Zoe calls Stephens at the motel. She calls him “Daddy” (140). Stephens starts to talk about the case, but then asks why Zoe is calling and whether she is high. Stephens wonders, “[w]ho was I talking to? The living or the dead? How should I behave?” (141). Zoe acts insulted, but then the line gets cut off by the operator before Zoe can tell Stephens where she is. Stephens keeps trying to mourn Zoe, but is unable to do so because she is not physically dead, although he describes her as dead.

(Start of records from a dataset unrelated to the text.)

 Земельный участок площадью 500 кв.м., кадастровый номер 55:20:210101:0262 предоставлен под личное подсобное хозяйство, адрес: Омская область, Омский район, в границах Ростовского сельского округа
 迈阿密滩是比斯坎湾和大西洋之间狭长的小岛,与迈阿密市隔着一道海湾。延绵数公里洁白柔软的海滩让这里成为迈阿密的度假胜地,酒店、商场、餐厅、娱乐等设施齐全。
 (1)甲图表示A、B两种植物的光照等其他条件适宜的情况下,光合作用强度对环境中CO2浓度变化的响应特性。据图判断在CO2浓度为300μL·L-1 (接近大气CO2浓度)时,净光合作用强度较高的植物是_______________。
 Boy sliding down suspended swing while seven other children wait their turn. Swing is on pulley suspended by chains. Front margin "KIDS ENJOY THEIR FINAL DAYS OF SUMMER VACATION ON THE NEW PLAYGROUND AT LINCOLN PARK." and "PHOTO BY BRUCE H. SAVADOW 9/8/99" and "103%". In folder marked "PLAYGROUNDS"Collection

Stephens finds Dolores and tells her that he knows whether she is guilty or not. Dolores asks how and Stephens asks her to tell him how fast she was driving. She says fifty or fifty-five. Stephens tell her it’s not her fault but the fault of the town and state. Stephens asks to represent Dolores because she herself is a victim. Dolores then says she could have been going 60, or 65. Stephens lies to Dolores by telling her that Ansel said that Dolores was only going 52 miles per hour at the time of the accident. Dolores responds by saying, “I’m not to blame” and begins crying (146). She then asks Stephens to come talk to Abbott, adding that she will do whatever Abbott thinks is right. Abbott says to forget the lawsuit and that it is the people of the town who must judge Dolores, because if Dolores did commit a crime, it was against the people of the town. Abbott seems to see through Stephens and Stephens feels that Abbott is creepy and unnerving. 

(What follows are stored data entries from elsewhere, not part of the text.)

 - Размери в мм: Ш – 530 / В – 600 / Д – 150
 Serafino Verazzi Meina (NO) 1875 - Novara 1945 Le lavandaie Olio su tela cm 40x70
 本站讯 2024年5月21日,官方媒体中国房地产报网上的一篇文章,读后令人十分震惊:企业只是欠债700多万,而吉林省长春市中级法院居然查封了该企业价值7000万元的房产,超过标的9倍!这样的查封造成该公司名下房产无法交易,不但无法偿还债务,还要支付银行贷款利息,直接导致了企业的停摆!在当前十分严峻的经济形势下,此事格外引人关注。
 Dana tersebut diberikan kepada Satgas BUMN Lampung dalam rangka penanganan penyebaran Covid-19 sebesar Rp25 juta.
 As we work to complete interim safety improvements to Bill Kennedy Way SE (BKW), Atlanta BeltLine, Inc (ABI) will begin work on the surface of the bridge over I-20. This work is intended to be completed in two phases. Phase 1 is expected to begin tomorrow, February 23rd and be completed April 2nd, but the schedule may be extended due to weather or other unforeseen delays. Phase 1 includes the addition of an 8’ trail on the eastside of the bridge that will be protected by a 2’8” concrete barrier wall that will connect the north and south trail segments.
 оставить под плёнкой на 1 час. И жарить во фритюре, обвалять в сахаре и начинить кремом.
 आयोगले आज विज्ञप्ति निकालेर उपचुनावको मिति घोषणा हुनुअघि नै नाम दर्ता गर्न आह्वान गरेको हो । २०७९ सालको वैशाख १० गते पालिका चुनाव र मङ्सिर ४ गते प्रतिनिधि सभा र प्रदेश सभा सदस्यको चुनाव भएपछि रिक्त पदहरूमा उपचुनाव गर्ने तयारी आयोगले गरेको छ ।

Stephens goes back to the motel, gets a message from Zoe, and calls her. Zoe tells Stephens that she went to give blood but was rejected because she tested positive for HIV. Stephens thinks, “I could hear the heavy slam of my heart. I was swimming in blood” (154). Stephens tells Zoe he will do whatever she wants and Zoe says she wants money. Stephens feels suddenly that he is in the car with Zoe, twenty years earlier, holding the knife and ready to cut her throat if necessary. Stephens feels, as he talks to her, like he is singing her songs to keep her calm, just like he did in the car many years earlier. Zoe says all she has is “now” (156). She plans to meet him that night at his apartment. Stephens asks her to bring a copy of the blood test with her. She asks whether he believes her. He says he wants her to get tested a second time, adding, “[l]et me, for Christ’s sake, be your father” (157).At the end of the chapter, Stephens says that he has, in a way, given up on saving Zoe. He also reasserts and accepts his own identity. 

Chapter 3 Analysis

Stephens serves as a counterpoint to the other perspectives in the novel. He is driven, admittedly, by anger and the loss he has suffered in his own life, even though Zoe is still alive. He also admits that negligence cases like the bus accident give him a “rush” and a “hard-edged clarity,” and make him “feel more alive” (120-121). Although he is deeply cynical about American culture and the various actors that have a part to play in the lawsuits he brings, including the alleged bad-actor school board and state government, Stephens actually sees himself as a kind of punisher that wreaks vengeance on those who deserve it. His mission, to prevent such future accidents, is a noble and moral one, and is probably closer to his true identity than the hard-boiled litigator he presents himself as. Stephens is also a manipulator, and the reader must go along with him as he manipulates one person after another in Sam Dent. Notably, Abbott does not buy into the lawsuit, which aligns with Abbott’s generally independent and thoughtful stance on issues related to the accident.

Stephens’ chapter is almost like a short story, in that he undergoes a complete emotional arc from the start of the chapter to the point at which Zoe tells him she has contracted HIV. He explains his past memory involving Zoe’s near-death as an infant and her descent into drugs. Stephens is able to connect his memory of the spider incident to Zoe’s current situation. When he learns that Zoe has HIV (at least according to her) he feels a kind of relief. This time, Zoe likely is dying. Stephens will have to, finally, let her go and shift his relationship to her. He does not have to decide, at every moment, whether to cut her off or how to help her. His relationship with Zoe is clarified. He can be himself, he can stop blaming himself, and he knows that there is no way to rescue her anymore.